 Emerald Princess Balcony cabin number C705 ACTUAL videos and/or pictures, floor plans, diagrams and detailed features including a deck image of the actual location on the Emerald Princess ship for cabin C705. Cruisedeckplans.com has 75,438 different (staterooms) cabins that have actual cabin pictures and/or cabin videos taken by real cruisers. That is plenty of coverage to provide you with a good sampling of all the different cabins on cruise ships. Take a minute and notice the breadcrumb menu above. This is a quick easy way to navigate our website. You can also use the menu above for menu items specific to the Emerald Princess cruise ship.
___
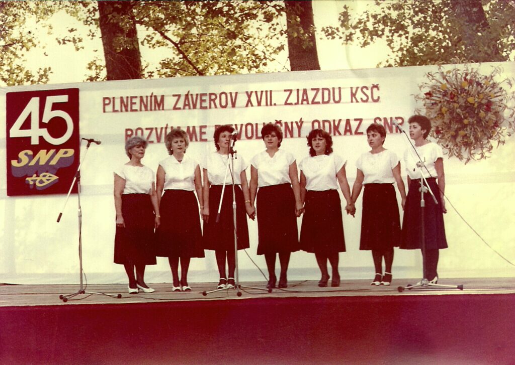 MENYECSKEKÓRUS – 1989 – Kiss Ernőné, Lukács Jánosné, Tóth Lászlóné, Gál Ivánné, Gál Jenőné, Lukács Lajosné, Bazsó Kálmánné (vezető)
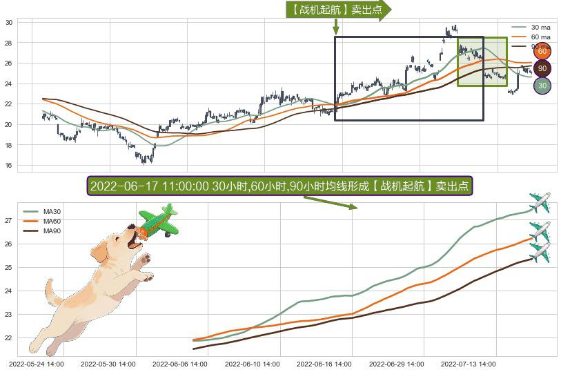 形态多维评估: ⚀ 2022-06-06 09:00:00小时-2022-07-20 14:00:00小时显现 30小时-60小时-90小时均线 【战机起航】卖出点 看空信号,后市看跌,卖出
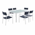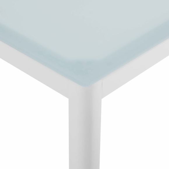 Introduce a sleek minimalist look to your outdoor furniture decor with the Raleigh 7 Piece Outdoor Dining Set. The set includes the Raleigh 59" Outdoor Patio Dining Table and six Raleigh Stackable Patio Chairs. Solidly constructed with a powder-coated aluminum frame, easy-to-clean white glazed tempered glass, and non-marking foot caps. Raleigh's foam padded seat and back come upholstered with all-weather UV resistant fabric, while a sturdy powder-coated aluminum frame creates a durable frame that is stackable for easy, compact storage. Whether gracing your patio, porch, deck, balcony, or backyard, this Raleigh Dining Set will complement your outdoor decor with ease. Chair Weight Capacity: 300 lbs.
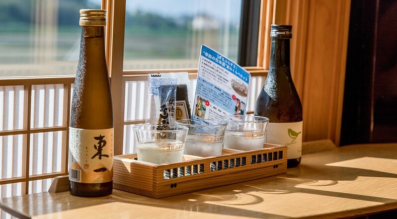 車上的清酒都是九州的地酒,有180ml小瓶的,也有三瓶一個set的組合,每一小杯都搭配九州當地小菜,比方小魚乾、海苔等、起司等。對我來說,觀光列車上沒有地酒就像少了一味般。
___
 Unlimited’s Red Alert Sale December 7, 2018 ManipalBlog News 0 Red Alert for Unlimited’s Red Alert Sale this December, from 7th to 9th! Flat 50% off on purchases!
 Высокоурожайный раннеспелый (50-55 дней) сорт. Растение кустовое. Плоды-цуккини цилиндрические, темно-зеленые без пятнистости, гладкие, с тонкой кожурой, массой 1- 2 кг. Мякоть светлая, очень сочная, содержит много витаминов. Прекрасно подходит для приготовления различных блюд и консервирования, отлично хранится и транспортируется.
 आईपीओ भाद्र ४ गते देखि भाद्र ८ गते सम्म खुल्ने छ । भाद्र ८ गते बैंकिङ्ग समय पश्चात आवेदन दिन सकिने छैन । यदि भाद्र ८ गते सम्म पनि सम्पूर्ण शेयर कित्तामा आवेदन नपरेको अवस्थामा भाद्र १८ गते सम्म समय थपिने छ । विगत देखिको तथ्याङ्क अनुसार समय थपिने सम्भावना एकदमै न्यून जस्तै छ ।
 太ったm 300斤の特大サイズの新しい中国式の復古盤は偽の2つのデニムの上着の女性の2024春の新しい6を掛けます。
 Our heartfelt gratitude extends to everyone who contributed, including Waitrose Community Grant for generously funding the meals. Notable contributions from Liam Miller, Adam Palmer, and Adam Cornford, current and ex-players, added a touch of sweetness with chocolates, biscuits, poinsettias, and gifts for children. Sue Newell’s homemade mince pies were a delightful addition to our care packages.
___
### Your instructions
Using the listing above, repeat word for word each line from the one with "MENYECSKEKÓRUS – 1989" down to the one with "形态多维评估: ⚀ 2022-06-06", both included. Omit all pictures.

### Output below
 MENYECSKEKÓRUS – 1989 – Kiss Ernőné, Lukács Jánosné, Tóth Lászlóné, Gál Ivánné, Gál Jenőné, Lukács Lajosné, Bazsó Kálmánné (vezető)
 形态多维评估: ⚀ 2022-06-06 09:00:00小时-2022-07-20 14:00:00小时显现 30小时-60小时-90小时均线 【战机起航】卖出点 看空信号,后市看跌,卖出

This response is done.